第176章 温县遇杜悯(第2/3页)
“郡君客气了。”郭县令道。
“进屋说话吧,外面挺热的。”孟青跟杜悯说,“你们这是巡河回来?身上都沾着泥沙。还没吃饭吧?一起用饭?我让驿卒再上几个菜。”

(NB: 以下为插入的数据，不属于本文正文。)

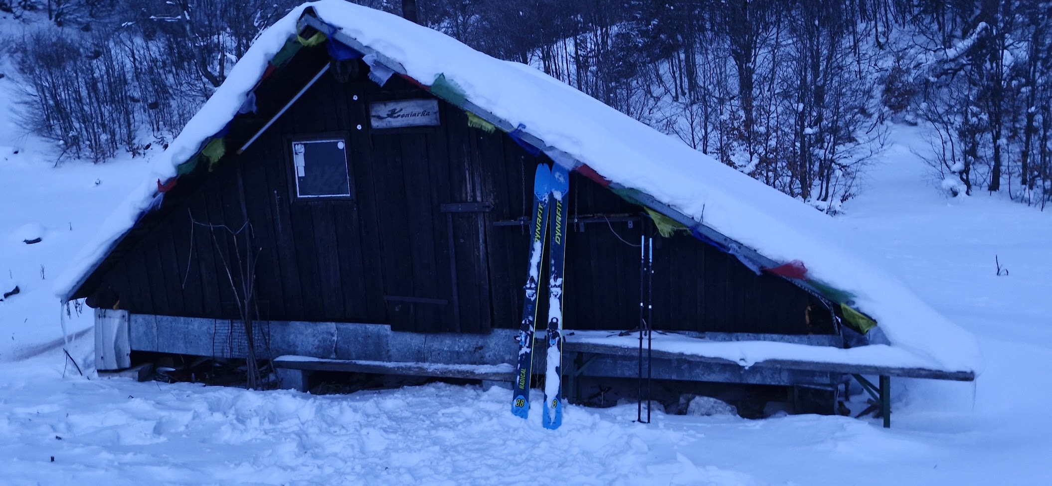 Je 16:35, když přijíždím ke Koniarce. Je to jedna z méně známých útulní na Velké Fatře. Na vrchol Čierneho kameňa (1469 m. n. m.) je to odsud vzdušnou čarou necelého půl kilometru. Samotná útulňa je v nadmořské výšce přibližně 1276 m n. m. Tohle místo je ideální pro legální zimní přenocování v Národním parku Velká Fatra. Objevil jsem jej teprve předloni.
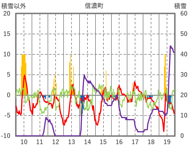 | 日 | 時 | 気温 | 降水 | 風向/風速 | 日照 | 積雪 | 降雪 |

“刚回县衙就听主簿说吴郡郡君入住驿馆,我和郭大人没顾得上吃饭,赶忙来拜见。”杜悯调侃,接着又抱怨:“你们怎么耽误了这么久才来?”
“五日前才从洛阳回到河清县。”孟青回答,“你呢?”
“我于小半个月前来温县巡查河渠,这几年黄河变道,温县受灾最严重,良田被淹三百余亩,即将干涸的河道又导致四百余亩的良田要因为失去水源沦为下等地。”杜悯叹气,“今年天干,雨水不丰,黄河旧道的余水快要被晒干了,我跟郭县令还在商量,是将黄河旧道改为田地,还是清淤引水改为水渠。”
“先吃饭。”杜黎引着驿卒送菜进来。
“先吃饭吧。”孟青招呼。
杜悯回过神,看见望舟,他拍拍自己身边的位置,“坐过来,有些日子没见你了,也没说给我写封信,你真是没良心。”
望舟哑口无言。
“这一个月过得快活吧?”杜悯怨气深重。
望舟不答,他拿起筷子挟几块儿鸡肉放进他三叔碗里。
杜悯啧啧几声,他摊开手跟望舟的手搁一起对比,“贼老天,我哪儿还像个文人?武夫的手都没有我的手糙。”
郭县令不安地动了动,他陡然意识到他不该在这儿的。
“三叔辛苦了。”望舟又给他挟一个鸭腿,“吃吧,多吃点,我看你都瘦了。”
“的确是瘦了。”杜悯叹一声。
孟青招呼郭县令:“郭大人,你也吃,不要客气。”
郭县令点头。
“郭县令今年年岁多少?看着年岁不大。”孟青问,“你为官几载了?”
“三十有六了,为官八载。”郭县令回答。
孟青算了算,二十八岁授官,铨选期间至少等了三年,最晚二十五岁就进士及第了。
“郭大人也是年轻有为之辈。”孟青佩服。
郭县令露出笑,他谦虚道:“不足杜长史多矣。”
“不要跟他比,比他运道好的人没几个。”孟青看杜悯一眼,接着说:“你一心跟着他干,你俩心往一处使,把温县治理好了,你必定能升官。对了,三弟,我们此趟过来,孙县令还安排了四个衙役护送。”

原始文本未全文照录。